- Assigned task
Transcribe every line of the material below without change, apart from dropping the pictures.

- Given material
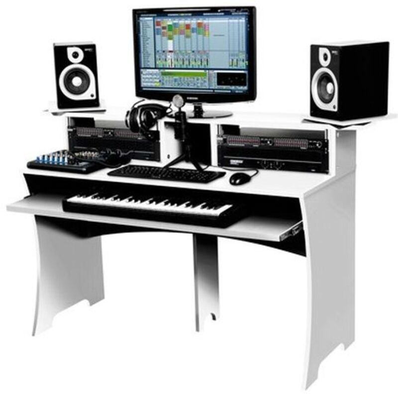 Artikelnummer 1094443Studiobänk, vit, robust MDF-konstruktion, utdragbar klaviaturhylla, 2x 4U rack, roterbara monitorhyllor, mått 1520x951x550 mm, vikt 43 kg.
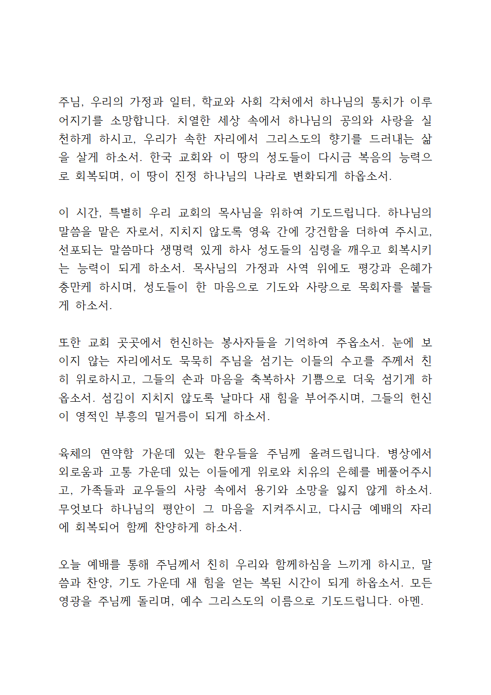 오늘 예배를 통해 주님께서 친히 우리와 함께하심을 느끼게 하시고, 말씀과 찬양, 기도 가운데 새 힘을 얻는 복된 시간이 되게 하옵소서. 모든 영광을 주님께 돌리며, 예수 그리스도의 이름으로 기도드립니다. 아멘.
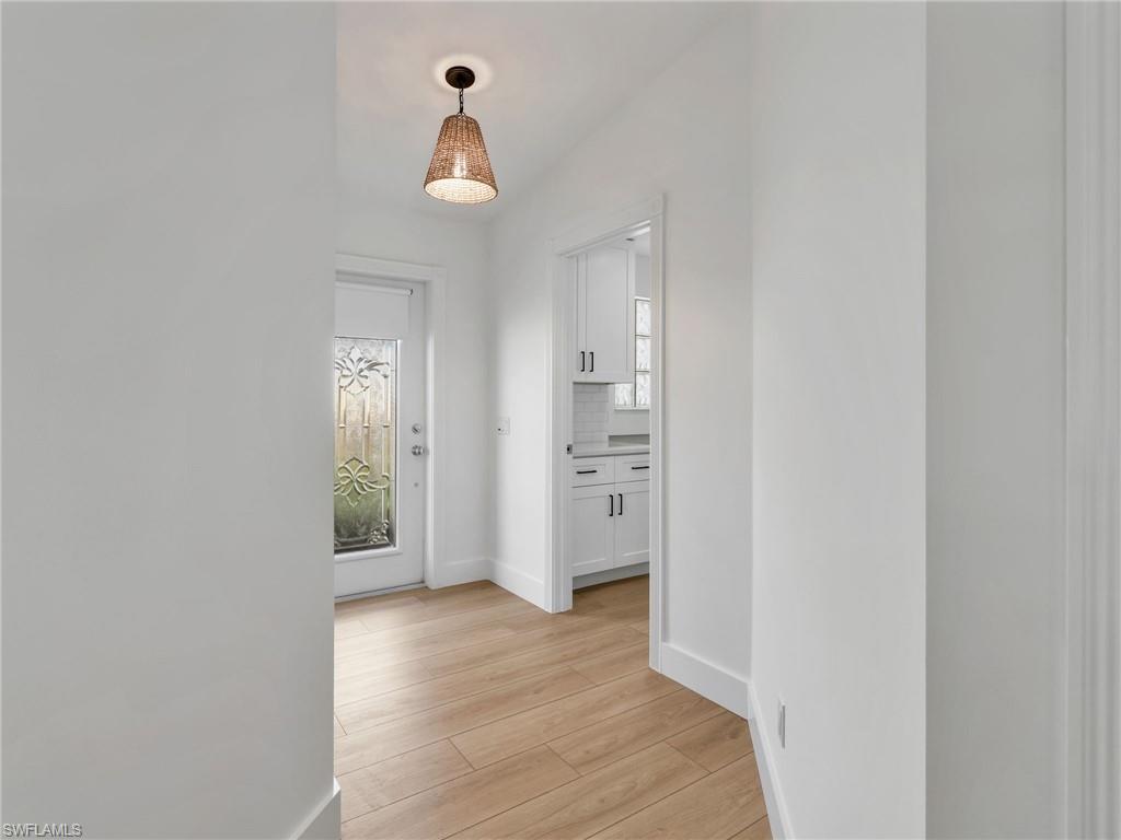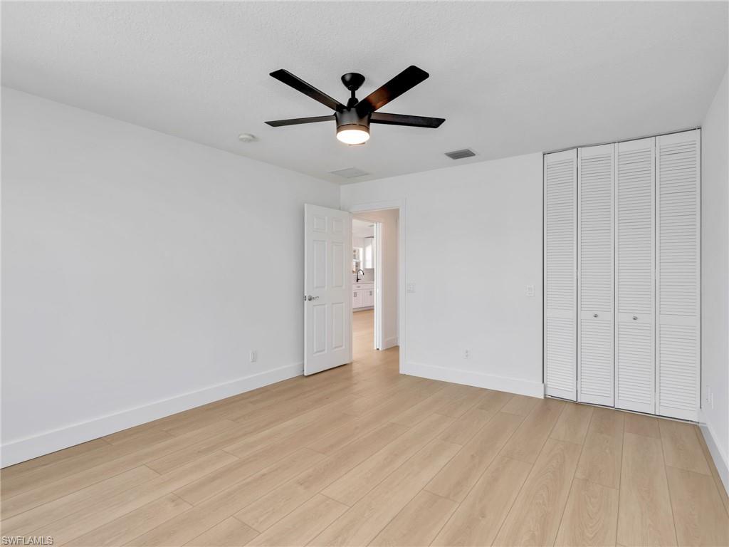 This stunning villa has been fully remodeled from top to bottom and is completely move-in ready. The interior has been entirely gutted and rebuilt with luxury plank vinyl flooring, fresh paint, new lighting throughout, ceiling fans, and custom closets for beautifully organized storage. A large family room with vaulted ceilings creates an open, airy gathering space. The den offers flexible use — ideal as a dining area, or a secondary family room. The brand-new kitchen features white shaker cabinetry, quartz countertops, stainless steel appliances, and a stylish subway tile backsplash. The laundry room offers new matching cabinetry and its own coordinating backsplash for a clean, cohesive look. Both bathrooms have been beautifully updated with designer tile, new vanities, new toilets, and all-new plumbing. Outside, a brand-new private pool overlooks a serene long lake view — the perfect setting for relaxing or entertaining. The home also offers excellent storm protection with electric shutters on the lanai and aluminum roll shutters on the rest of the home. Additional highlights include central vacuum, a newer A/C for added comfort and peace of mind and a new pool pump. Located within Verona Walk, an award-winning, guard-gated community known for its resort-style amenities — pools, tennis, pickleball, fitness center, restaurant, and more — all with low HOA fees and an active lifestyle. Dive into a vibrant social scene with a calendar full of activities and events. Additionally, conveniences are at your doorstep with a restaurant, ice cream shop, salon, travel agency, gas station, and post office all located within the community.

- Answer to this exercise
 Artikelnummer 1094443Studiobänk, vit, robust MDF-konstruktion, utdragbar klaviaturhylla, 2x 4U rack, roterbara monitorhyllor, mått 1520x951x550 mm, vikt 43 kg.
 오늘 예배를 통해 주님께서 친히 우리와 함께하심을 느끼게 하시고, 말씀과 찬양, 기도 가운데 새 힘을 얻는 복된 시간이 되게 하옵소서. 모든 영광을 주님께 돌리며, 예수 그리스도의 이름으로 기도드립니다. 아멘.
 This stunning villa has been fully remodeled from top to bottom and is completely move-in ready. The interior has been entirely gutted and rebuilt with luxury plank vinyl flooring, fresh paint, new lighting throughout, ceiling fans, and custom closets for beautifully organized storage. A large family room with vaulted ceilings creates an open, airy gathering space. The den offers flexible use — ideal as a dining area, or a secondary family room. The brand-new kitchen features white shaker cabinetry, quartz countertops, stainless steel appliances, and a stylish subway tile backsplash. The laundry room offers new matching cabinetry and its own coordinating backsplash for a clean, cohesive look. Both bathrooms have been beautifully updated with designer tile, new vanities, new toilets, and all-new plumbing. Outside, a brand-new private pool overlooks a serene long lake view — the perfect setting for relaxing or entertaining. The home also offers excellent storm protection with electric shutters on the lanai and aluminum roll shutters on the rest of the home. Additional highlights include central vacuum, a newer A/C for added comfort and peace of mind and a new pool pump. Located within Verona Walk, an award-winning, guard-gated community known for its resort-style amenities — pools, tennis, pickleball, fitness center, restaurant, and more — all with low HOA fees and an active lifestyle. Dive into a vibrant social scene with a calendar full of activities and events. Additionally, conveniences are at your doorstep with a restaurant, ice cream shop, salon, travel agency, gas station, and post office all located within the community.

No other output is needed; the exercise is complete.